*Given data:*
* * * *
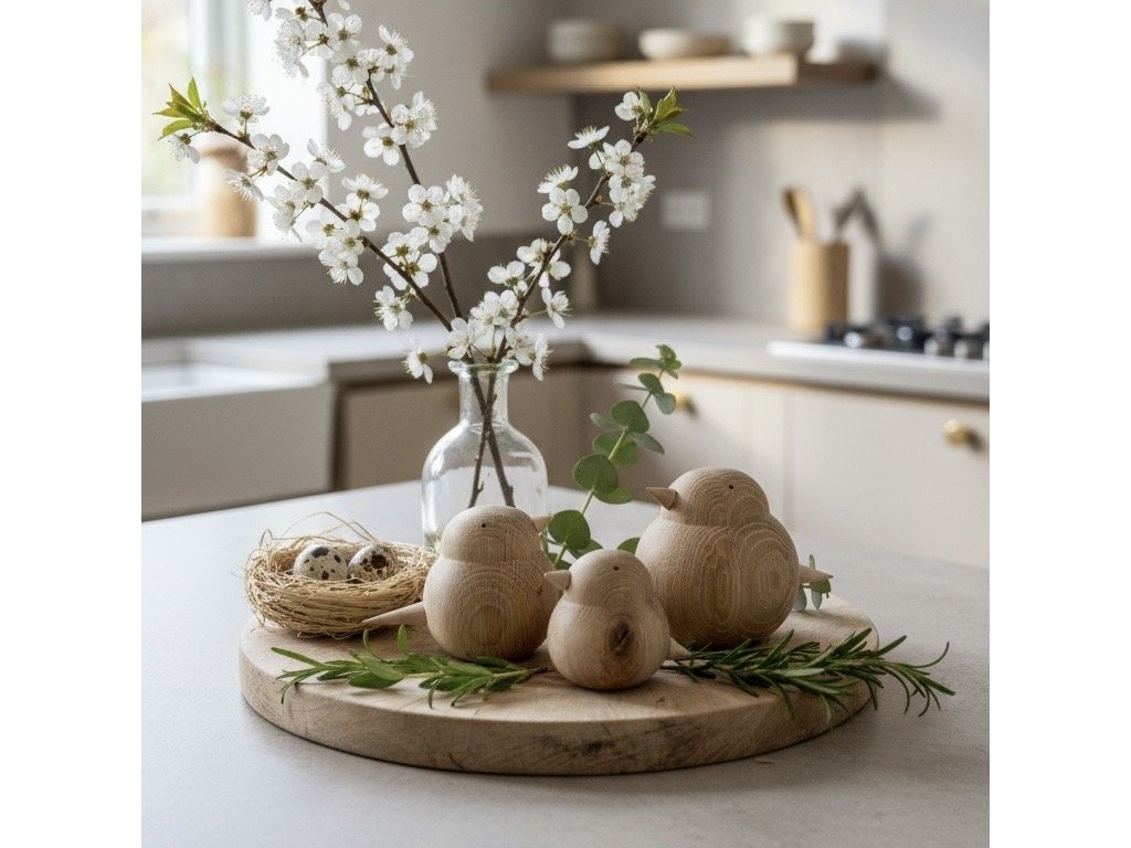 Naše luxusní autorská kolekce dřevěných ptáčků vás zajeté očaruje. Každý ptáček má tělo vyrobené z přírodního dubového dřeva a zobáček s ocáskem z bukového dřeva, což dodává celému kousku originální vzhled.
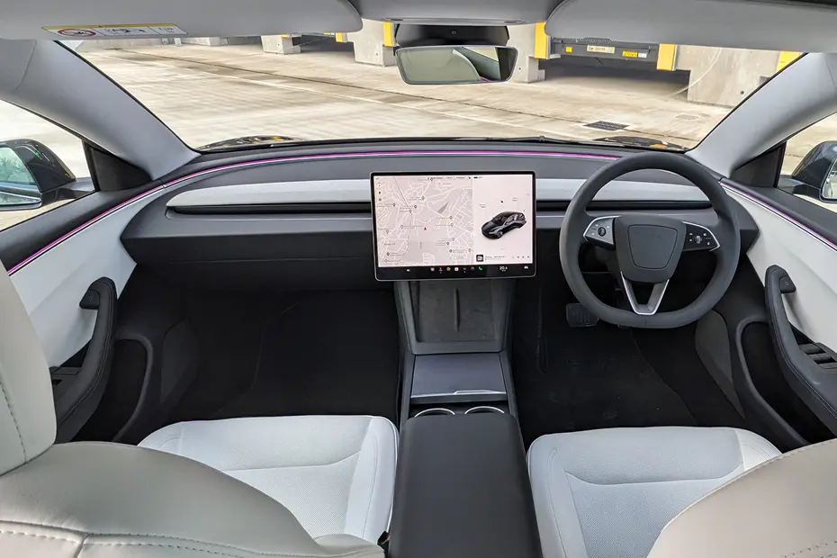 The minimalist interior divides opinion — there are almost no physical buttons, with everything controlled through the 15" touchscreen. You either love or hate this approach.
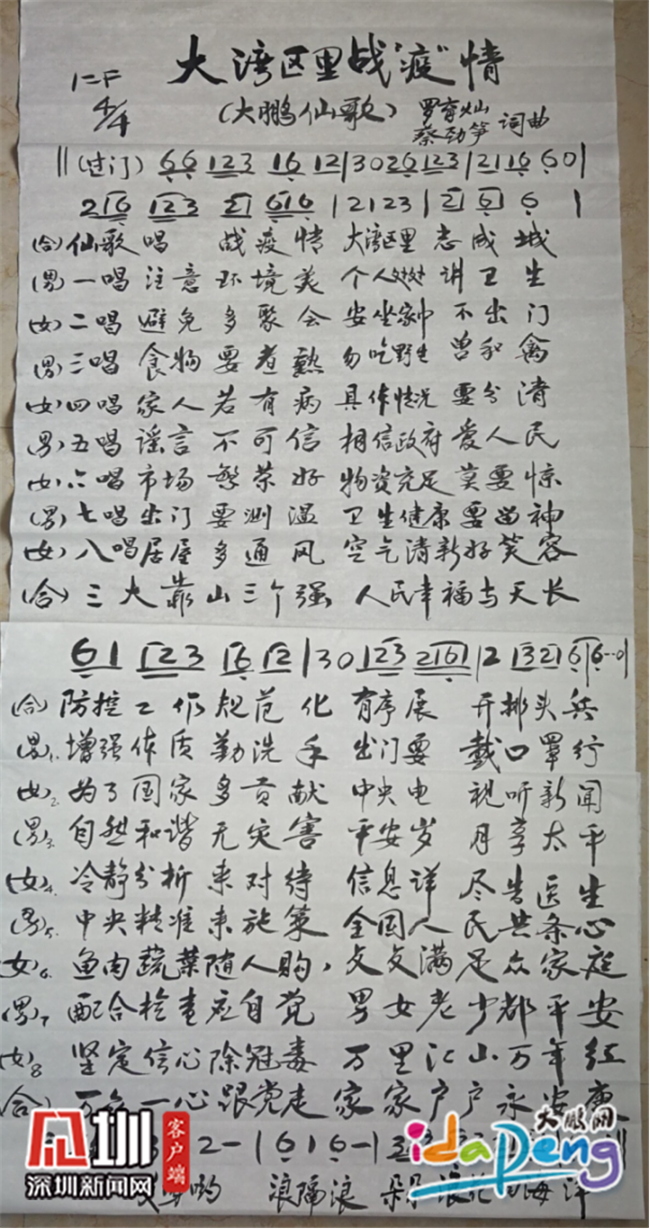 在创作诗词的同时,罗育灿还创作了大鹏山歌《大湾区里战疫情》,将大鹏传统文化的传承与防疫宣传相融合,弘扬了在疫情面前,大鹏人民群众万众一心跟党走,众志成城坚决打赢疫情攻坚战的信心和决心。
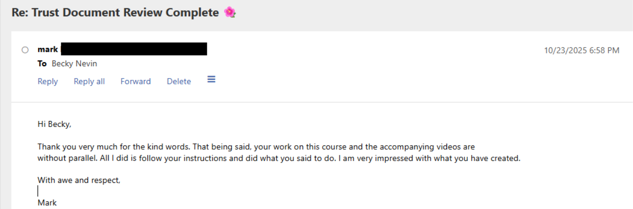 By enrolling, you agree that neither Becky Nevin nor Titan Trust shall be held liable for any direct, indirect or incidental damages arising from your use of the information or services provided. You assume full responsibility for your decisions, filings and results.
* * * *
*Your goal:*
Could you set down word for word each line from the one holding "在创作诗词的同时,罗育灿还创" through the end of the material above, without any pictures?

*Your response:*
 在创作诗词的同时,罗育灿还创作了大鹏山歌《大湾区里战疫情》,将大鹏传统文化的传承与防疫宣传相融合,弘扬了在疫情面前,大鹏人民群众万众一心跟党走,众志成城坚决打赢疫情攻坚战的信心和决心。
 By enrolling, you agree that neither Becky Nevin nor Titan Trust shall be held liable for any direct, indirect or incidental damages arising from your use of the information or services provided. You assume full responsibility for your decisions, filings and results.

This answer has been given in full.